**What needs to be done**. Below are lines of records; copy exactly those from the one containing "これあり!コーンの甘みと冷た" through the one containing "この時点では、「タスクを入力", leaving the pictures behind.

Stored data entries:
BEGIN
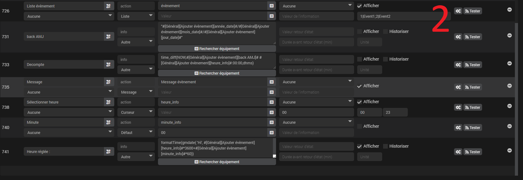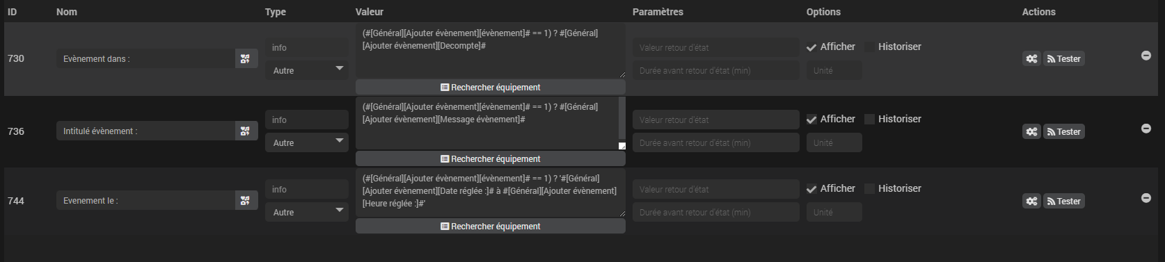 Seul soucis que je n’arrive pour l’instant pas à résoudre c’est le maintiens de l’information sur le virtuel Event1. En effet, quand je change d’évent dans le menu déroulant, les informations s’efface. Quand on visualise la configuration du virtuel c’est tout à faire normal. Mais je ne trouve pas de syntaxe qui puisse faire retenir l’information.
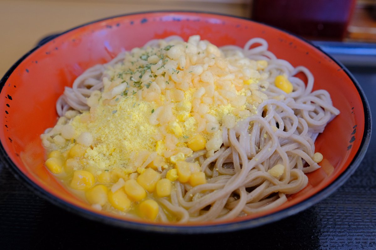 これあり!コーンの甘みと冷たいコーンポタージュが意外にお蕎麦とあってて、美味しい。濃厚コーンポタージュの粉末がいい仕事してる。リピートしたい😋 pic.twitter.com/83gc7iwdpI
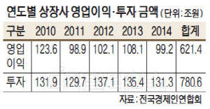 국내 상장사의 영업이익은 2010년 123조6000억원을 기록한 뒤 2014년 99조2000억원으로 감소했다. 투자액도 2010년 131조9000억원을 기록한 뒤 소폭 증·감을 거듭하면서 2014년 131조3000억원으로 늘어나지 못하고 있었다.
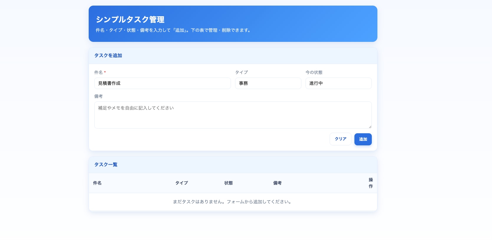 この時点では、「タスクを入力して表示するだけ」の画面が出来上がります。データの保存や時間表示はありませんが、見た目の確認はできる状態です。
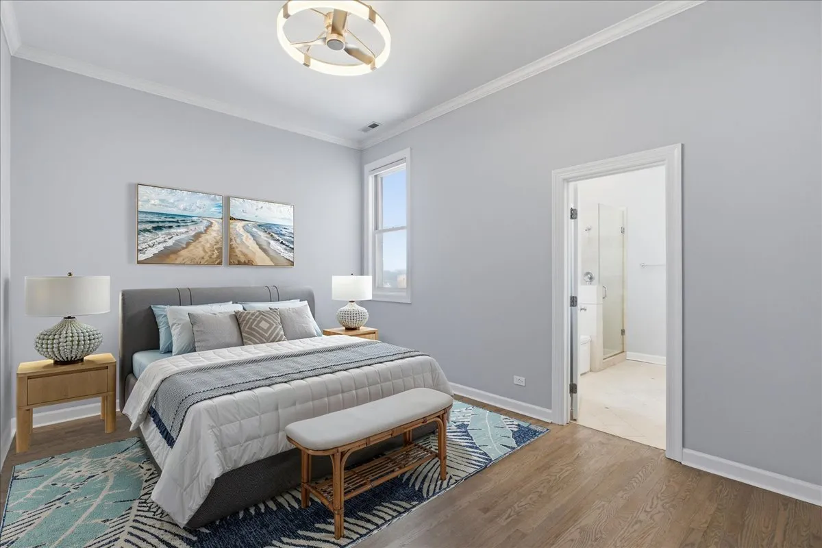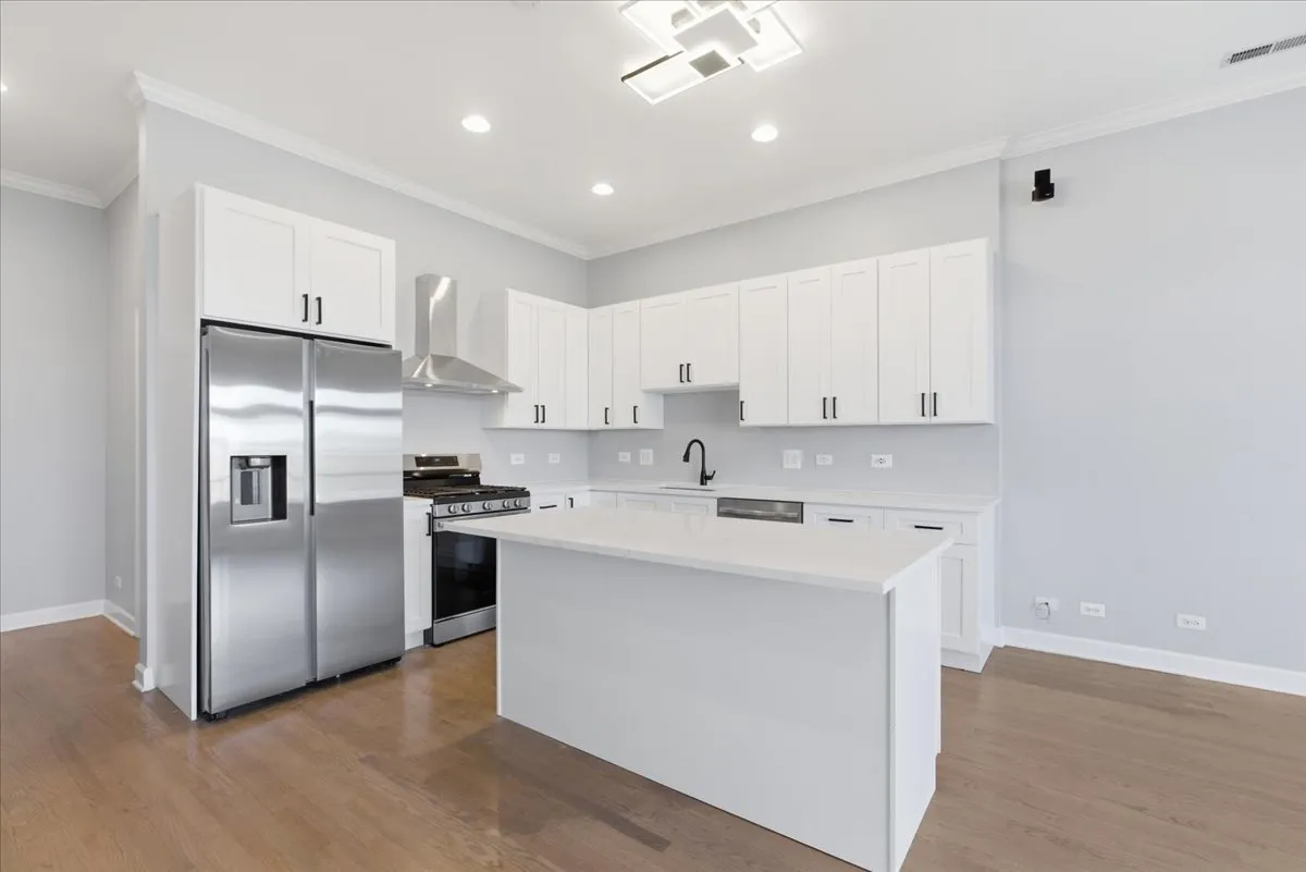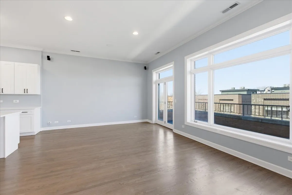Enjoy a prime Roscoe Village location in this beautifully updated 3-bedroom, 2-bathroom condo featuring multiple outdoor spaces, including PRIVATE ROOF RIGHTS! This desirable open-concept layout is filled with natural light from large windows and showcases dark-stained hardwood floors, crown molding, recessed lighting, and an inviting gas fireplace with a charming mantel. The living and dining areas flow seamlessly and open to a spacious private terrace-perfect for grilling or enjoying your morning coffee. The brand-new kitchen (2026) is designed to impress with white cabinetry, an oversized eat-in island, and stainless steel appliances. The spacious primary suite offers walk-in closet, a spa-like ensuite bathroom complete with dual vanity, glass-enclosed shower, and tub. The second bedroom is versatile, ideal for a home office or guest room, and features sliding doors to a private balcony with updated composite decking. The third bedroom includes generous closet space. Additional highlights include in-unit washer/dryer, a dedicated storage room, garage parking included in the price, and brand new roof (Oct 2025). Truly move-in ready and ideally located near the shops and restaurants of Roscoe Street, with easy access to public transportation, parks, and neighborhood entertainment.
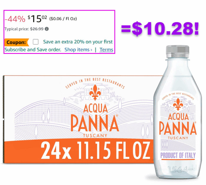 Acqua Panna Natural Spring Water, 11.15 FL OZ (24 Count) for $15.81 (Reg $26.99)
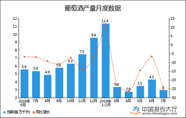 根據中國報告大廳對2019年1-7月全國葡萄酒產量進行監(jiān)測統計顯示:2019年7月全國葡萄酒產量3萬千升,同比下降25%,2019年1-7月全國葡萄酒產量為23.7萬千升,累計下降23.1%。
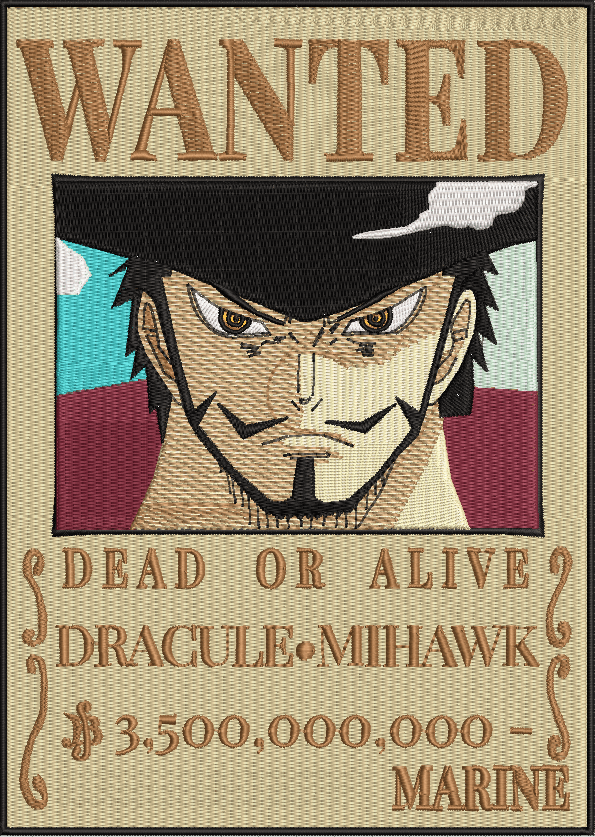 t shirt con ricamo wanted di mihawk
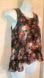 FULL TILT Sheer black top with red roses and sugar skulls. Ruffle bottom, pullover, (faux) Button front.
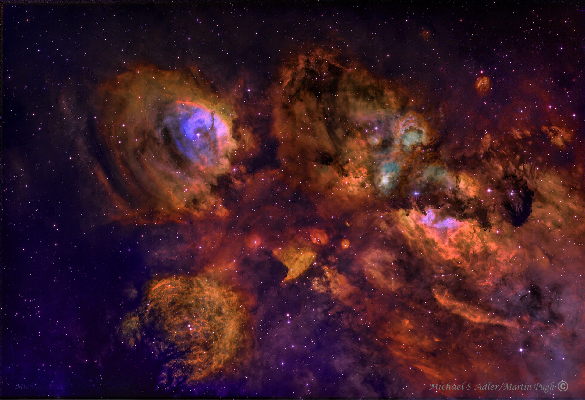 NGC 6334, Cat’s Paw Nebula, Hubble Palette  Nebulas are perhaps as famous for being identified with familiar shapes as perhaps cats are for getting into trouble. Still, no known cat could have created the vast Cat’s Paw Nebula visible in Scorpius. At 5,500 light years distant, Cat’s Paw is an emission nebula with a red color that originates from an abundance of ionized Hydrogen atoms which are excited by uv light from nearby stars. However, this image is in false color in the Hubble palette where the Hydrogen is green. Alternatively known as the Bear Claw Nebula or NGC 6334, stars nearly ten times the mass of our Sun have been born there in only the past few million years. Framed by orangish clouds, the blue-green bubbles are the dominant feature in the image. After gas and dust inside the nebula collapse to form stars, the stars may in turn heat up the pressurized gas surrounding them, causing it to expand into space and create bubbles. The Cats Paw occupies about 3/4 of a degree in the sky(less than two moon diameters). At a distance of 5500 light years this makes it 70 light years in actual size. This false color image is made up by light emitted by hydrogen(green), oxygen(blue), and sulfur(red) atoms.  It was discovered by astronomer John Herschel in 1837, who observed it from the Cape of Good Hope in South Africa. The nebula is located in the Carina -Sagittarius arm of the Milky Way. Companion images show the Cats Paw done by the JWST telescope. A special feature of this image is that the JWST image is superposed on the image. By going back to the previous image you can see the difference between what an optical and infrared view of that region looks like.
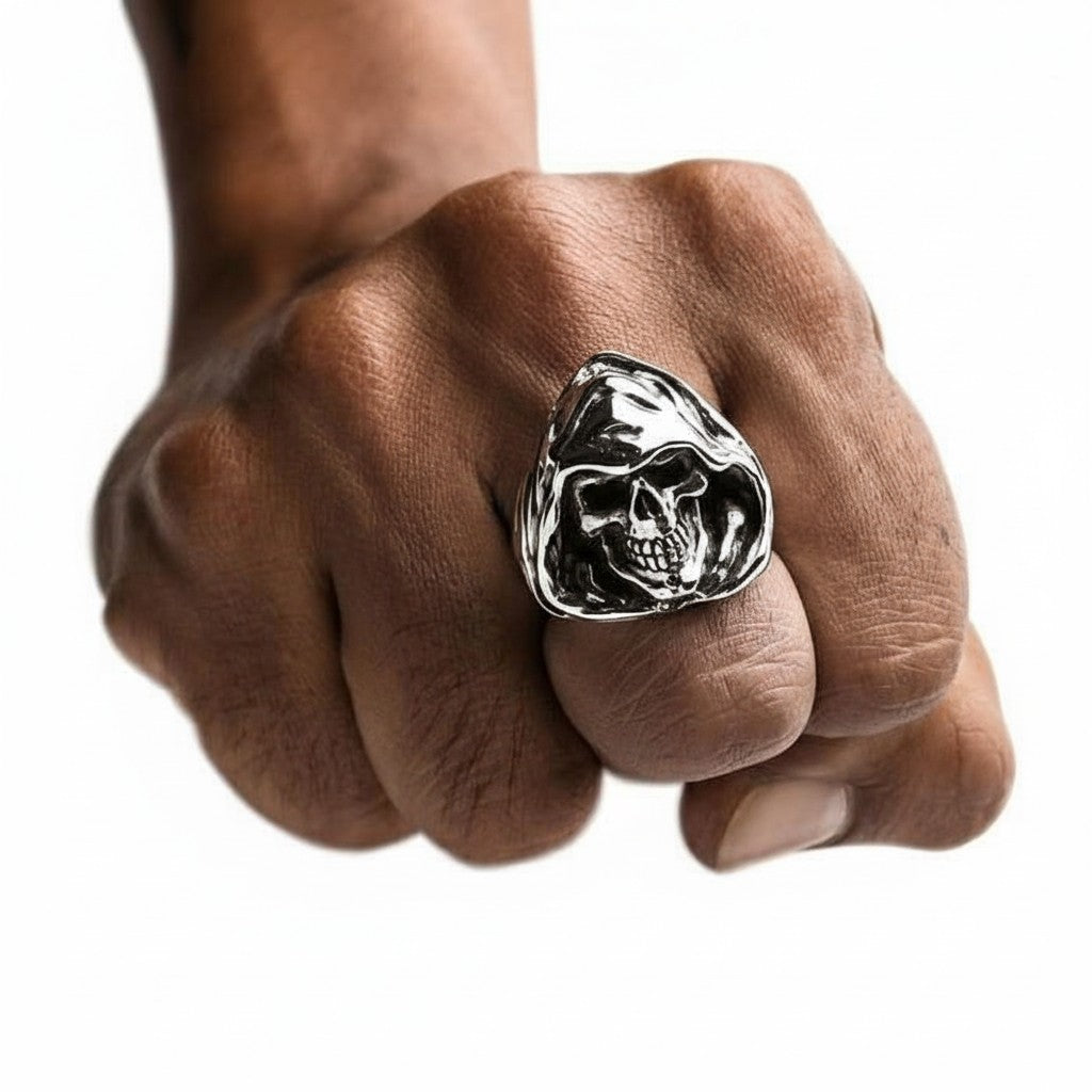 This is not just a ring; it's a confrontation with the inevitable. Our massive grim reaper skull ring is the ultimate emblem of fearlessness, a powerful memento mori for the man who understands that life is finite and meant to be lived to the fullest. Forged from a colossal weight of solid sterling silver, this ring is a tribute to the ultimate collector of souls and a bold statement for a life lived without regret.
END
**Solved exercise**.
 これあり!コーンの甘みと冷たいコーンポタージュが意外にお蕎麦とあってて、美味しい。濃厚コーンポタージュの粉末がいい仕事してる。リピートしたい😋 pic.twitter.com/83gc7iwdpI
 국내 상장사의 영업이익은 2010년 123조6000억원을 기록한 뒤 2014년 99조2000억원으로 감소했다. 투자액도 2010년 131조9000억원을 기록한 뒤 소폭 증·감을 거듭하면서 2014년 131조3000억원으로 늘어나지 못하고 있었다.
 この時点では、「タスクを入力して表示するだけ」の画面が出来上がります。データの保存や時間表示はありませんが、見た目の確認はできる状態です。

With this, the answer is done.